Regardless, little is known about the prognostic significance of TILs combined with TAMs in GC, and the impact of these cells on PAC benefit in GC remains unclear. In this study, we evaluated TILs and TAMs in more than 400 GC patients by immunohistochemical staining of CD8 and CD68. In addition, we used subgroup analysis to explore the relationship between TILs/TAMs and survival rates as well as the benefit of PAC based on 5-FU for survival. The results of this study will clarify the important prognostic role of lymphocyte and macrophage infiltration in GC and help to redefine subgroups of patients who are likely to benefit from PAC.

Methods

Patients and specimens

From January 1, 2015, to April 1, 2016, 438 patients were recruited from Union Medical College Hospital of Fujian Medical University for a randomized clinical trial. The final analysis included 419 patients (clinicaltrials.gov No. NCT02327481). Detailed information on the selection, exclusion, quality control and randomization has been reported previously [13, 14]. This study is a sub-study of the above clinical trials. After excluding 10 patients with neuroendocrine cancer, 6 patients with palliative surgery and 2 patients without GC evidence, this analysis involved 401 patients who underwent therapeutic gastrectomy and pathologically confirmed as having stage I, II, or III gastric adenocarcinoma (pT1-4aN0-3 M0) according to the 7th American Joint Committee on Cancer staging [15]. The formalin-fixed paraffin-embedded (FFPE) tissues of the 401 patients with GC were analyzed, with all specimens being independently re-evaluated by two gastrointestinal pathologists. None of the patients had received any anticancer treatment before surgery. PAC treatment is acceptable for patients with advanced or early diagnosis of excessive lymph node metastasis, and PAC was classified as received or not received [6]. A total of 256 patients (63.8%) received at least one 5-FU baseline PAC cycle [8, 16]. According to the Japanese Classification of Gastric Carcinoma, PAC with S-1 is recommended for GC patients with pathological stage II or III disease [17]. In our center, fluoride-assisted chemotherapy is also recommended for most stage II or III GC patients, depending on the patient’s wishes and physical condition [18]. In this cohort, 256 patients (63.8%) received 5-FU adjuvant chemotherapy with a median cycle of 5 (range 1–12), similar to a previous study [19]. Specifically, 76.2% (195/256) received the SOX regimen (S-1 plus oxaliplatin), 12.1% (31/256) the FOLFOX regimen (5-FU + oxaplatin+leucovorin), 9.4% (24/256) the S1 + paclitaxel regimen, and 2.3% (6/256) the S1 + docetaxel regimen.
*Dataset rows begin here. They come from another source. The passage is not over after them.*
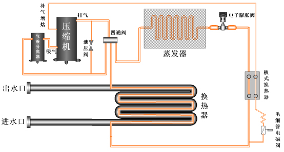 壓縮機(jī)排出的高溫高壓冷媒氣體進(jìn)入換熱器,在換熱器形成熱交換,從而使水溫升高,冷媒冷凝成液態(tài)。然后液態(tài)冷媒經(jīng)膨脹閥節(jié)流降壓后,在蒸發(fā)器中吸收空氣中的熱量從而蒸發(fā)成低溫低壓氣體,又被吸入壓縮機(jī)中壓縮,這樣反復(fù)循環(huán),從而制取熱水。
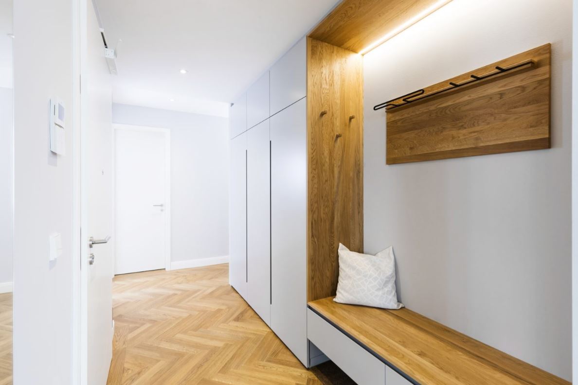 В этой части квартиры с небольшой площадью ни в коем случае не стоит располагать громоздкую мебель. Начало ремонта в прихожей – отличный повод заменить старые шифоньеры и тумбы на современные, компактные и многофункциональные системы хранения.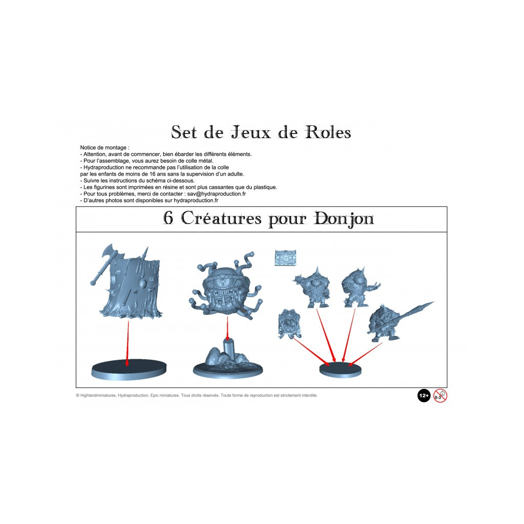 Dans cette boîte, vous trouverez de quoi assembler 6 créatures pour Donjon. Ces figurines sont compatibles avec tous systèmes de jeu utilisant des figurines 28-32 mm comme par exemple Dungeons & Dragons.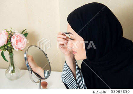 Beautiful muslim woman applying mascara. Young arab woman using lash brush

Overall survival (OS) was defined as the interval between the date of surgery and the date of death or last visit. Recurrence-free survival (RFS) was defined as the period from the date of surgery to the date of diagnosis of recurrence. The median follow-up time was 29 months (range 3–41 months).
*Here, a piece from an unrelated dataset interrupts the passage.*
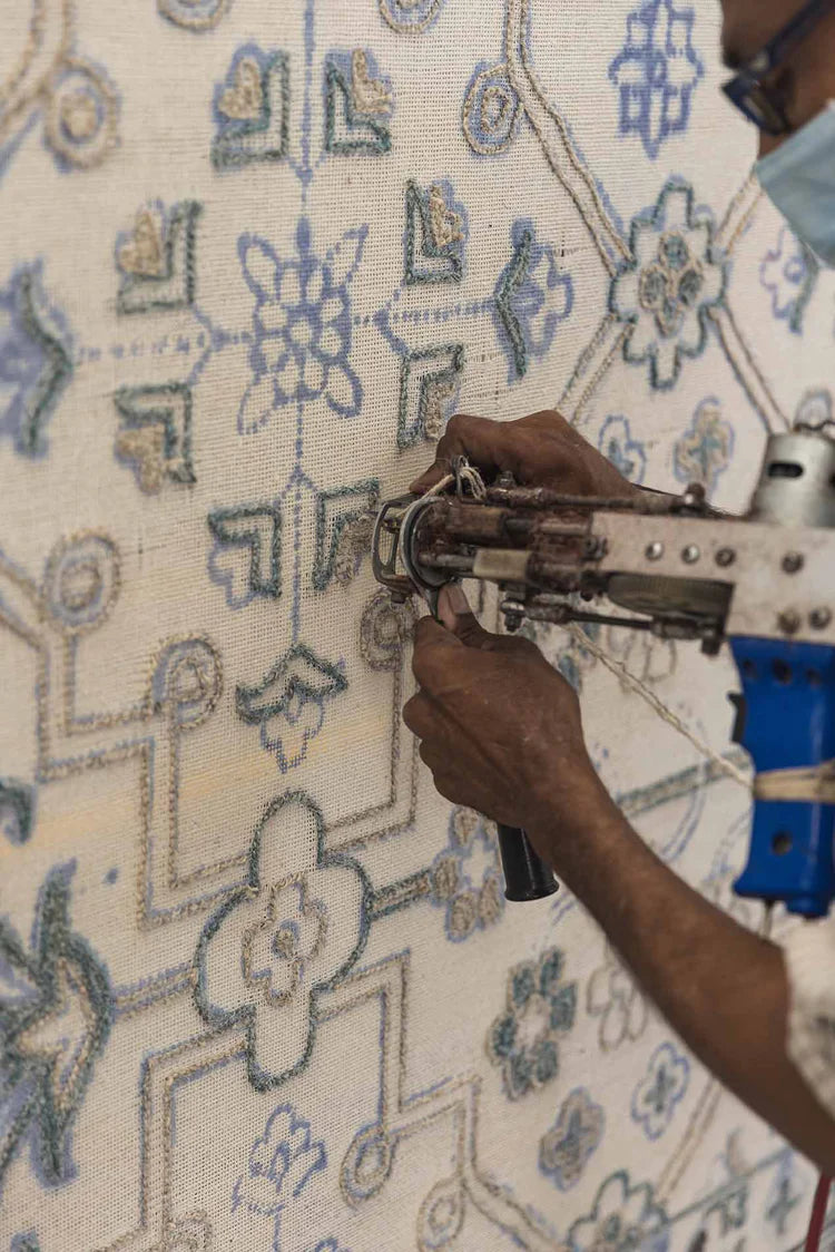 Yarn is hand-punched through a pre-woven fabric with a specialized tufting gun. The hand-tufted construction features precise designs, often has a plush pile, and is made of wool and/or viscose fibers. There are a few rug-making techniques within the hand-tufted construction, including the hand-hooked process. Hand-hooked rugs are not sheared after the tufting process, which would create a smooth, cut pile, and instead have an uncut, looped pile. A cotton-latex backing is glued on to hold the knots in place, offering strength and rigidity to the rug.

All patients provided written informed consent before sampling, and the research procedure was approved by the Institutional Review Committee of Union Medical College Hospital of Fujian Medical University.

Immunohistochemistry (IHC) and evaluation

Formalin-fixed, paraffin-embedded GC surgical specimens were used for IHC, as previously described [20, 21]. Briefly, continuous paraffin slices with a thickness of 4 μm were immersed in xylene and rehydrated by an ethanol series, PBS buffer and deionized water for 5 min each. The slides were heated to 100 °C for 20 min in pH 9 Tris-based solution. All slides were incubated with the primary antibody for 60 min at 37 °C for 1 h (dilutions: rabbit anti-human CD8 monoclonal 1:500, SP16, MAIXIN. BIO, Fuzhou, China; mouse anti-human CD68 monoclonal 1:500, KP1, MAIXIN. BIO, Fuzhou, China) and then washed. As a secondary antibody, mouse IgG was added for 30 min, and the slides were again washed. The sections were processed with the universal SP Elivision-plus kit (kit-9903, MAIXIN. BIO, Fuzhou, China), and the sections were counterstained with hematoxylin.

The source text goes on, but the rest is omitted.